We appreciate the kind and constructive comments. We greatly appreciate the encouraging words regarding the honesty and balance of our manuscript. We believe the constructive remarks have significantly improved the scientific quality of the paper. Below, please find the detailed answer and corrections to your questions and comments.

 

1. To make a rationale, I cannot understand which patients failed treatment by trying to correlate Table 3 with Table 2. Please indicate this.

 

Answer:

We have revised Table 2 to clearly indicate which patients experienced treatment failure, making the correlation between Table 2 and Table 3straightforward and easily traceable. The patients’ previous history and relevant characteristics are now also included for better clarity (lines 149-153 and table 2).

 

2. Specifically regarding the discussion about G2 patients being the majority of patients who failed treatment, could you please discuss what happened to the other G2 patients and whether there is a relationship between stage, improved treatment outcome, and fertilization? Perhaps with a table or graph? In this way the reader better understands a point that is important to me and which would also include a discussion on prevention.

Answer:

We have expanded the section on reproductive outcomes to include additional information about grade 2 cases (Lines 149-154), and we have included it in the conclusion as well (Lines 287-299). Specifically, we now note that among the two G2 patients who achieved complete remission, one underwent ART, which has been unsuccessful so far (Lines 179-181).

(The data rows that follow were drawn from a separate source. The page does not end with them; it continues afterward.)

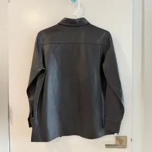 Lafayette New York 148 black leather longline button up shirt Size 6 #leather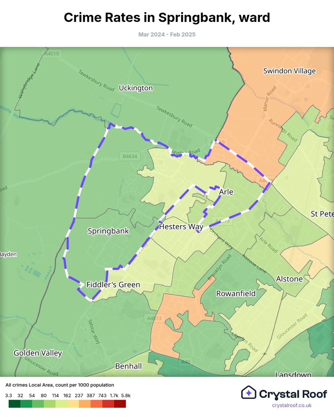 Springbank (ward) is located within Cheltenham (borough). Annual total crime rate in Cheltenham (borough) is 107 crimes per thousand resident population, which can be rated as 5 out of 10 or medium crime level compared to other local authority districts in England and Wales.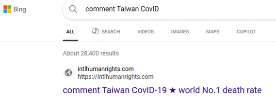 No.3 "comment Taiwan CovID" on Duckduckgo, 2026-1-22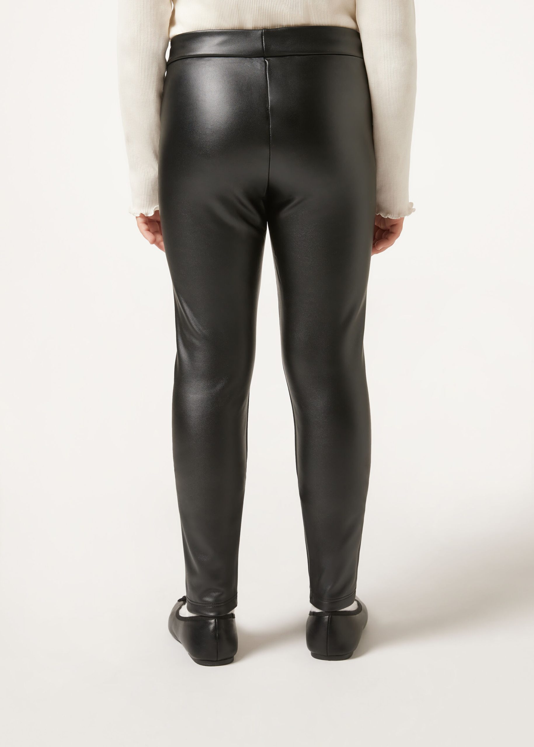Girls’ leather effect thermal leggings. The brushed fabric inside gives it a warm, pleasant feel against the skin, recommended for the colder months. Comfortable waistband for the perfect fit.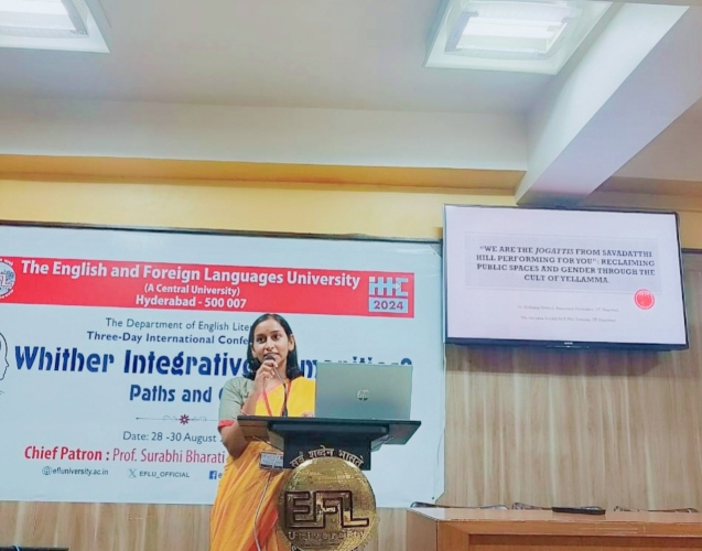 Prof. Ridhima Tewari's research group from the field of English Literary Studies made two well-received presentations at the International Conference on 'Whither Integrative Humanities' organised by the English and Foreign Languages University Hyderabad. Prof. Tewari's PhD students Ms Sanjana Sukyii and Mr Tajuddeen Nadaf co-presented their works along with Prof. Tewari. The conference included presenters from various IITs including IIT Kanpur, IIT Roorkee, IIT Hyderabad, to name a few. Prof. Tewari was also listed as an eminent speaker for the event.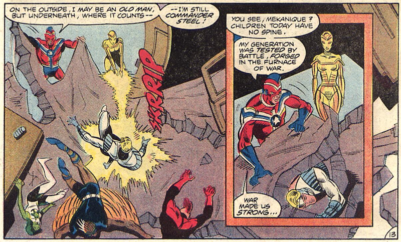 This leaves Infinity Inc wondering about the fight and whether they’ve been duped by Commander Steel and his golden robot. Determined to find out, they enter the bunker.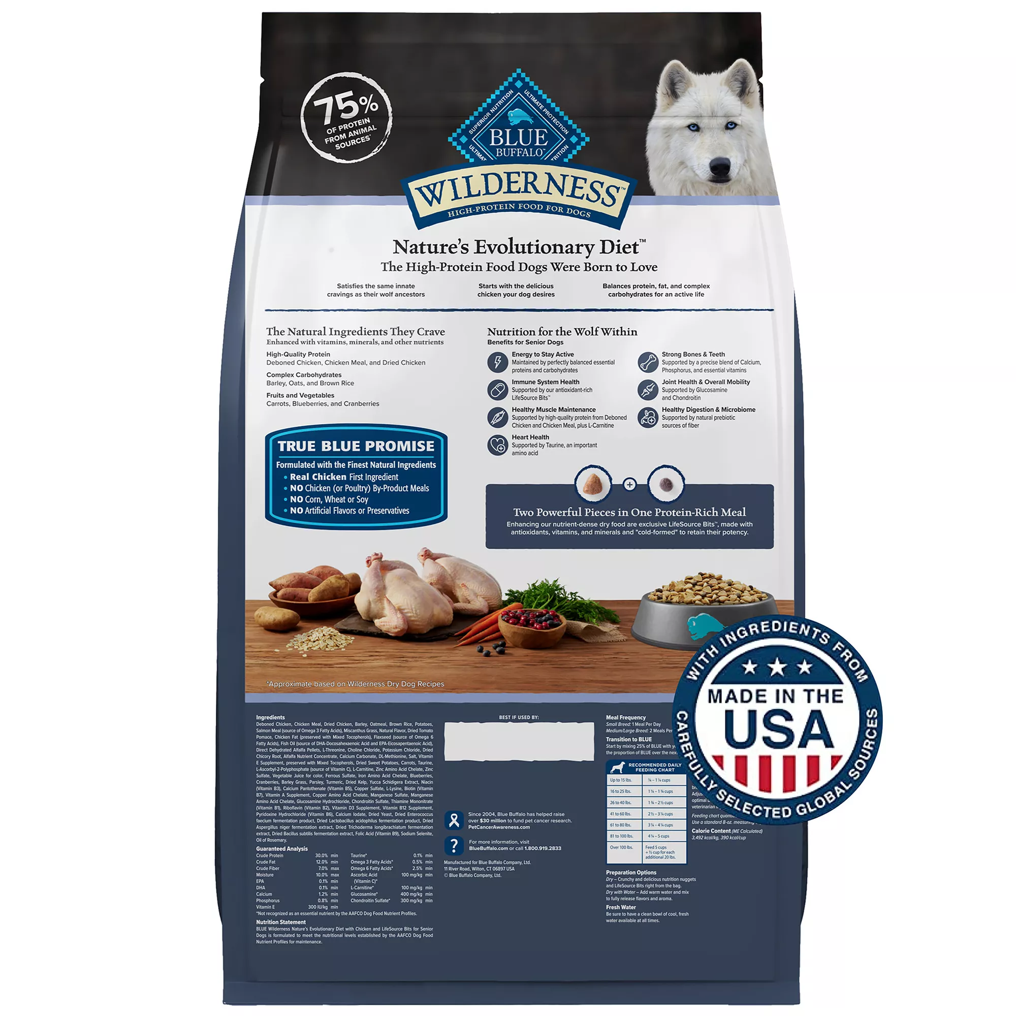 BLUE Wilderness Senior Dog Food is formulated with 75% protein from animal sources and real chicken as the first ingredient to satisfy your dog’s wild side. Blue Buffalo senior dog food also contains real fruits, vegetables, and other key nutrients to promote healthy muscle maintenance and provide energy to stay active. Like all Blue Buffalo natural dry dog foods recipes, this BLUE Wilderness chicken recipe is formulated without any chicken (or poultry) by-product meals….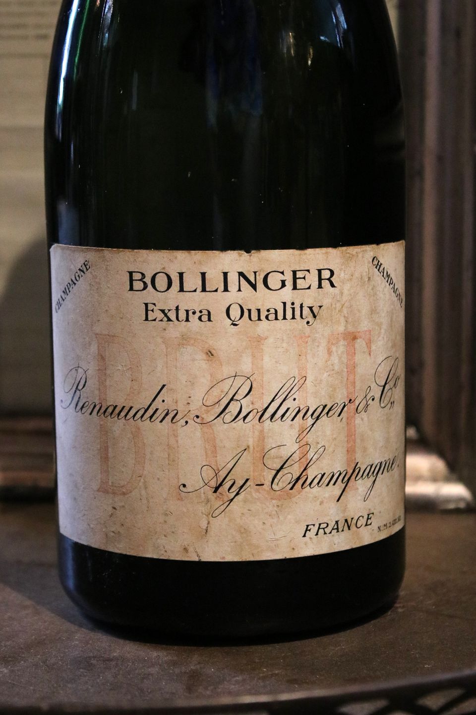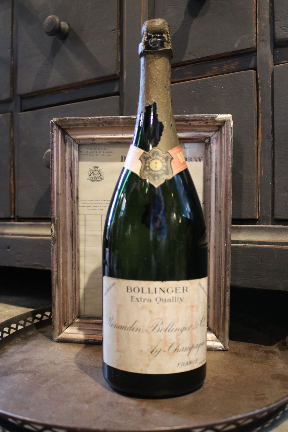 Dekorativ , gammel fransk reklame Bollinger champagneflaske med en rigtig fin patina...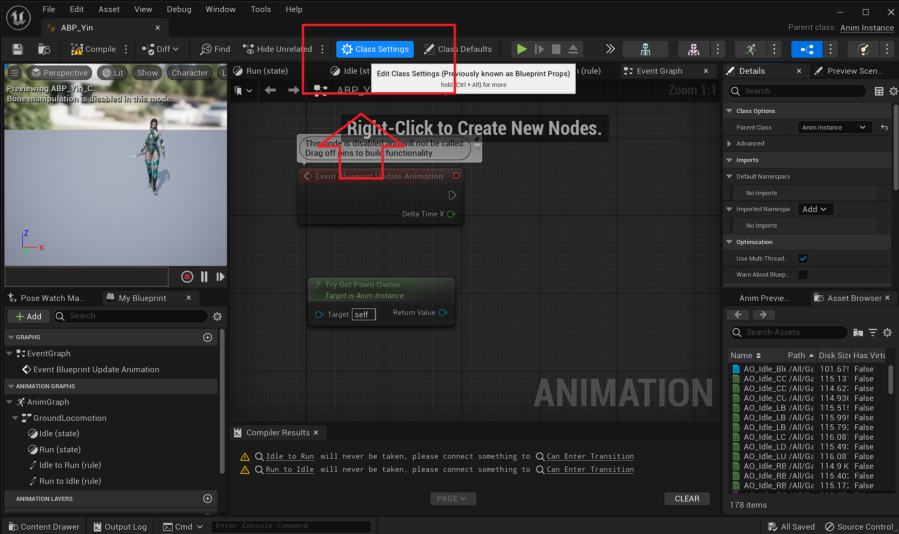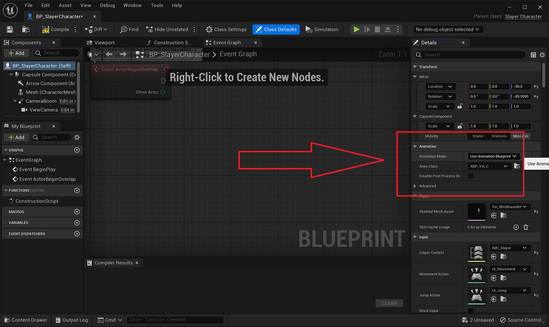 Class Settings를 누르고 Parent Class를 SlayerAnimInstance로 변경해주었습니다.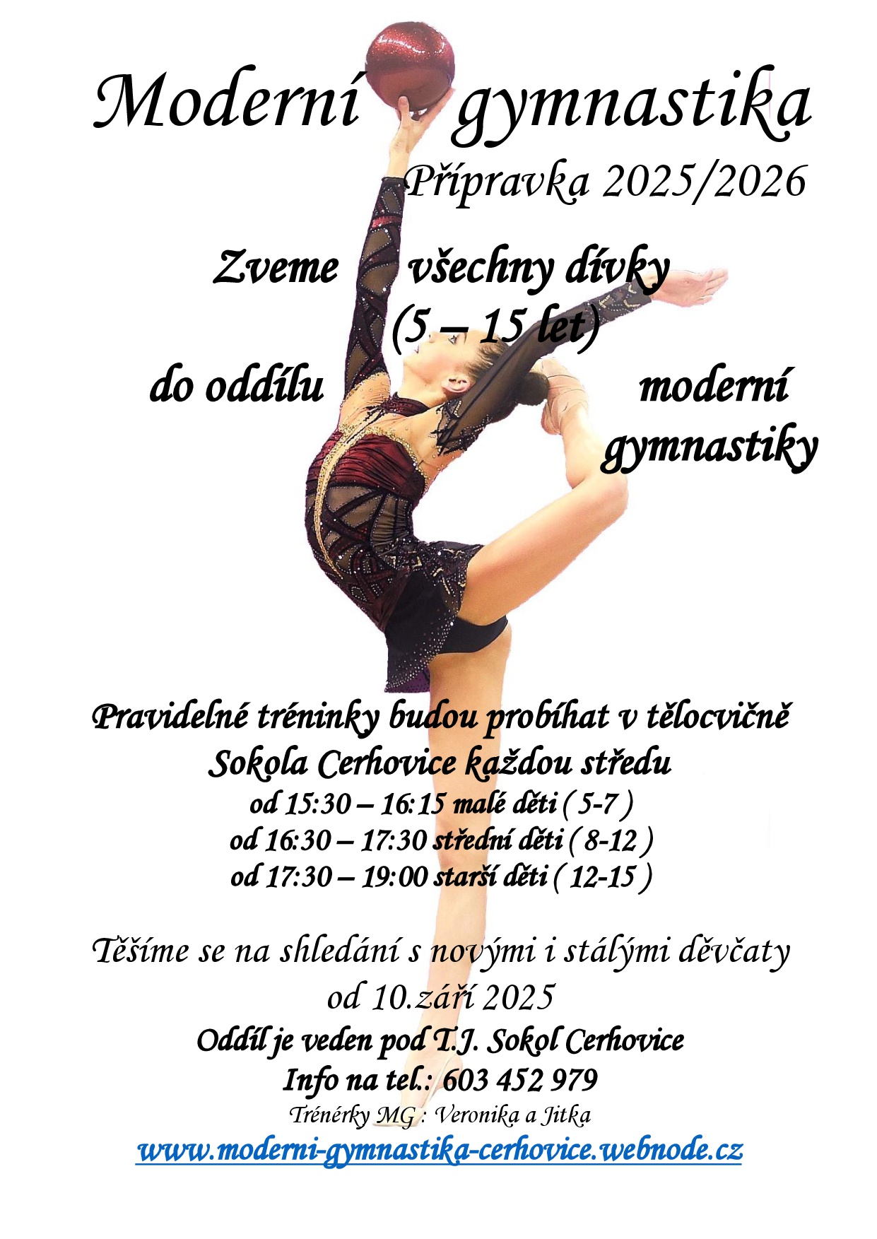 Trénujeme 1x týdně v sokolovně v Cerhovicích. Dívky se učí základní gymnastické kroky, prvky a sestavy postavené na jejich dovednostech .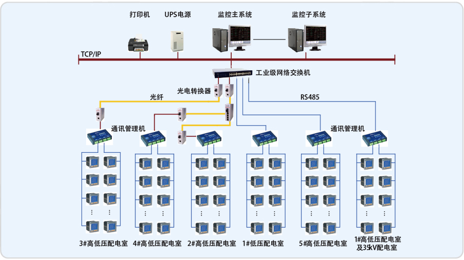浦江雙輝大廈監控部分有1個35kV配電室, 1#、2#、3#、4#、5#5個配電室分10kV高壓和0.4kV低壓。35kV配電室有高壓電力儀表、綜保和2臺變壓器溫控儀,另外5個配電室有10kV高壓電力儀表和綜保,0.4kV低壓部分有電力儀表和22臺變壓器溫控儀。35kV和1#配電室分布在A棟的B2層,2#配電室分布在B棟的B2層,3#配電室分布在A棟的33樓,4#配電室分布在B棟的33樓,5#配電室分布在A棟的B4層。針對浦江雙輝大廈的實際情況,通過計算機和通訊網絡,將分散的配電所的現場設備連接為一個有機的整體,實現電網設備運行的遠程監控和集中管理。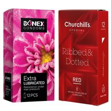 کاندوم چرچیلز مدل Ribbed & Dotted Red بسته 12 عددی به همراه کاندوم بونکس مدل Extra Lubricated بسته 12 عددی

We believe these additions improve the understanding of treatment response and reproductive outcomes in this subgroup, in line with the reviewer’s valuable suggestion.

Reviewer 2 Report

Comments and Suggestions for Authors

This is a retrospective study analyzed the clinicopathological features and treatment outcomes of 13 patients with EIN or early-stage endometrioid endometrial carcinoma who received fertility-preserving therapy between 2018 and 2023.

This is an interesting topic for the readers despite the small number of participants.

Patients caracteristics are presented adequately. Please consider to present all the clinical aspects of the patients in comparison with the histological findings in a new table in order to give all the information toghether.

Limitations are the small sample size and the absence of molecular info of the tumors, which are stated clearly as limtations.

Author Response

Dear Reviewer,

We sincerely thank for the positive and encouraging evaluation of our work. We appreciate the thoughtful suggestion regarding the presentation of clinical and histological data. We believe your suggestions have contributed to improving our paper.

Following the reviewer’s recommendation, we have substantially revised Table 2, which now clearly summarizes all relevant clinical characteristics of the patients alongside the corresponding histopathological findings. This modification, in line with the reviewer’s valuable advice, allows for a more comprehensive and transparent presentation of the data.